# It's a tear down?



## ICE (Nov 23, 2019)

https://www.yahoo.com/news/judge-orders-father-supermodels-bella-171514049.html


----------



## jar546 (Nov 23, 2019)

Interesting.  This is a permitted structure that has been inspected and went through plan review that was designed by an RDP?


----------



## ICE (Nov 23, 2019)

There is more to the story.  When Mark H sees this I’m pretty sure he will be able to flesh it out.


----------



## e hilton (Nov 23, 2019)

Been building since 2012?  Got a problem there.  

On the foundation, all he has to do is show proper engineered design and proof of compliance by a competent third party inspector.


----------



## e hilton (Nov 23, 2019)

This is from LA Times in June.  The former construction manager is turning against him. 

In his newly released declaration in the Bel-Air case, Linch also stated that there should have been twice as many piles — a kind of column that extends into bedrock to support a structure — to hold up a house as big as what Hadid ultimately built.

Those piles should have been driven deeper, he added. And the piles have “less rebar than the minimum required” under L.A. building codes, but Hadid “asked me not to tell anyone about the problem,” Linch alleged in the declaration.

“Because I believe the piles are inadequate to support the house, I believe the house is unsafe and that the entire house must be demolished,” Linch said.

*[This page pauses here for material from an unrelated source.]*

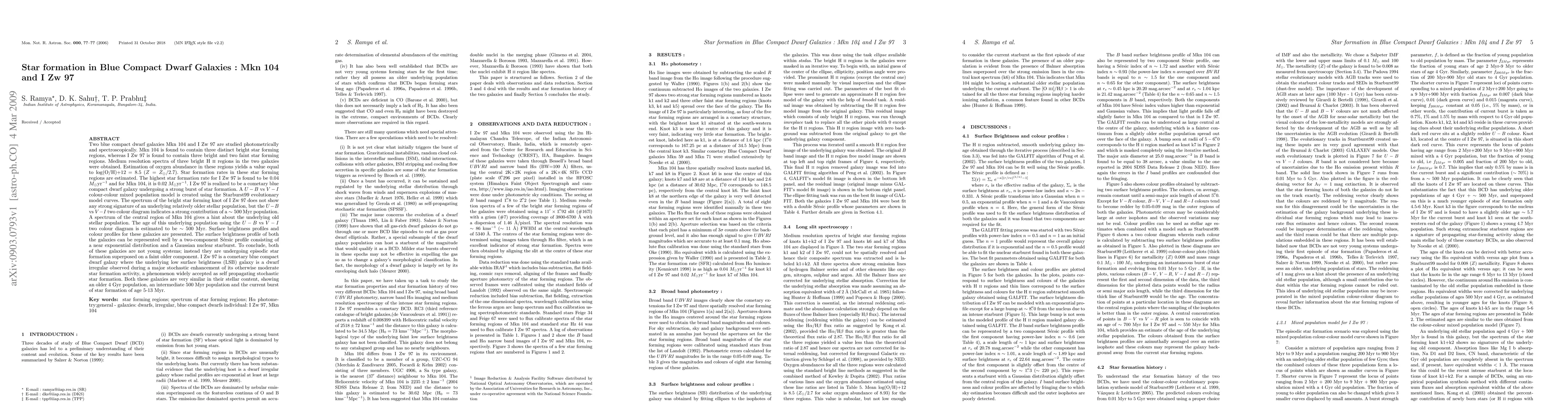 This paper investigates the star formation in two blue compact dwarf galaxies, Mkn 104 and I Zw 97, revealing distinct star-forming regions and estimating their star formation rates. The galaxies show similar stellar populations with an older 4 Gyr population, an intermediate 500 Myr population, and a current burst of star formation.

The former construction manager also claimed that Hadid created fake inspection reports showing the piles going deeper than the original documents indicated, turned in another falsified record to the city to understate how much grading was done, and hid pages from the plans where an inspector had written “not approved.”


----------



## ADAguy (Nov 23, 2019)

This smells in so many ways, he may have had the gold but his underware was always out there for all to see.
He thinks "the emperor has no clothes and should be ignored; then again The city really dropped the ball in so many ways too.


----------



## ICE (Nov 23, 2019)

e hilton said:


> This is from LA Times in June.  The former construction manager is turning against him.
> 
> In his newly released declaration in the Bel-Air case, Linch also stated that there should have been twice as many piles — a kind of column that extends into bedrock to support a structure — to hold up a house as big as what Hadid ultimately built.
> 
> ...


It appears that Linch is not to be trusted.


----------



## ADAguy (Nov 25, 2019)

And just how much and for how long was Lynch paid to look the other way? And what of the subs who didn't build to plan as alledged and where were the city inspectors?


----------



## mark handler (Nov 25, 2019)

Mr Hadid responded that he was the victim of "witch hunt" and the neighbors' claims were "total nonsense."
"Witch Hunt", Where have we heard that lately?


----------



## VillageInspector (Dec 3, 2019)

This has a little bit more information

https://www.latimes.com/california/story/2019-11-05/mohamed-hadid-bel-air-house-demolish-lawsuit


----------